### Task to carry out
In the entries below, find the line with "Fig. 3 shows" and the line with "雪狼之径营地的大门处于锁闭状"; reproduce those two lines and all lines between them exactly, without pictures.

### Records to process
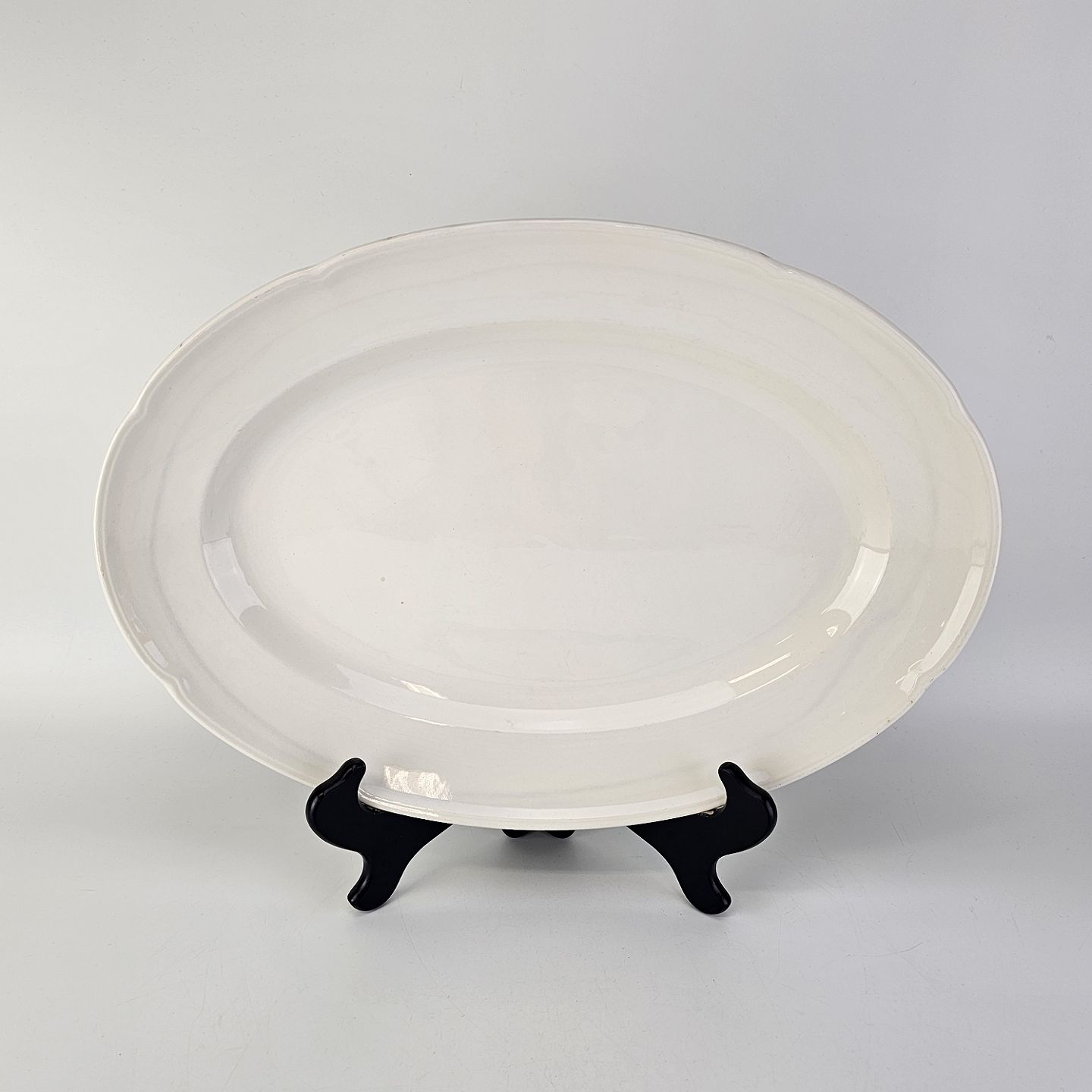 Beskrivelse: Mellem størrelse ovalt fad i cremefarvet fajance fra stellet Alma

* * *

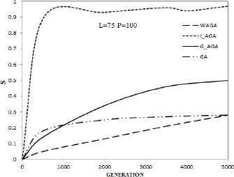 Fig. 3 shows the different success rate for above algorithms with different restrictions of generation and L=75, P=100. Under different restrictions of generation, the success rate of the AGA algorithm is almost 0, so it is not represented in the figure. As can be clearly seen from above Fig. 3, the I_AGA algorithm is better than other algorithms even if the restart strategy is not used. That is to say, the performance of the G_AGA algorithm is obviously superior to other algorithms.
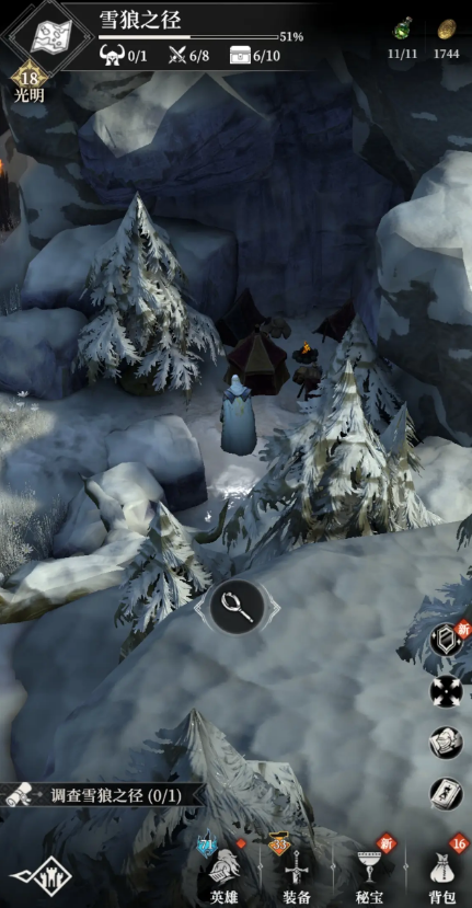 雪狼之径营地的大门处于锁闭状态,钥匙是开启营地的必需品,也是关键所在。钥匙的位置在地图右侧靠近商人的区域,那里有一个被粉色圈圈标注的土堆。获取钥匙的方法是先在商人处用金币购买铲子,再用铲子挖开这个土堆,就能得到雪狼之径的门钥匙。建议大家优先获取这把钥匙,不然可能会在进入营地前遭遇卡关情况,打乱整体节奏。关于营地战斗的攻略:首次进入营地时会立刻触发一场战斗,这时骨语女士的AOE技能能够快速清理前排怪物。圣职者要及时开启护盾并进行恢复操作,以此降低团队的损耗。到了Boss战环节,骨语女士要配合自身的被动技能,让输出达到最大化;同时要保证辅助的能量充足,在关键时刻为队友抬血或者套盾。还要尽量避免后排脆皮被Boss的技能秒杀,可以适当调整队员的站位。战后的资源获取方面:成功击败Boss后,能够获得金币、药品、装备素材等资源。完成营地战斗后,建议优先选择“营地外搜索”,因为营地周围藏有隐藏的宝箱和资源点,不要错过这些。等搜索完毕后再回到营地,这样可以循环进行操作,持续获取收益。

* * *

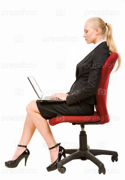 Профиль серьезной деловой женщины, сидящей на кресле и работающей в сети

### Solution to this problem
 Fig. 3 shows the different success rate for above algorithms with different restrictions of generation and L=75, P=100. Under different restrictions of generation, the success rate of the AGA algorithm is almost 0, so it is not represented in the figure. As can be clearly seen from above Fig. 3, the I_AGA algorithm is better than other algorithms even if the restart strategy is not used. That is to say, the performance of the G_AGA algorithm is obviously superior to other algorithms.
 雪狼之径营地的大门处于锁闭状态,钥匙是开启营地的必需品,也是关键所在。钥匙的位置在地图右侧靠近商人的区域,那里有一个被粉色圈圈标注的土堆。获取钥匙的方法是先在商人处用金币购买铲子,再用铲子挖开这个土堆,就能得到雪狼之径的门钥匙。建议大家优先获取这把钥匙,不然可能会在进入营地前遭遇卡关情况,打乱整体节奏。关于营地战斗的攻略:首次进入营地时会立刻触发一场战斗,这时骨语女士的AOE技能能够快速清理前排怪物。圣职者要及时开启护盾并进行恢复操作,以此降低团队的损耗。到了Boss战环节,骨语女士要配合自身的被动技能,让输出达到最大化;同时要保证辅助的能量充足,在关键时刻为队友抬血或者套盾。还要尽量避免后排脆皮被Boss的技能秒杀,可以适当调整队员的站位。战后的资源获取方面:成功击败Boss后,能够获得金币、药品、装备素材等资源。完成营地战斗后,建议优先选择“营地外搜索”,因为营地周围藏有隐藏的宝箱和资源点,不要错过这些。等搜索完毕后再回到营地,这样可以循环进行操作,持续获取收益。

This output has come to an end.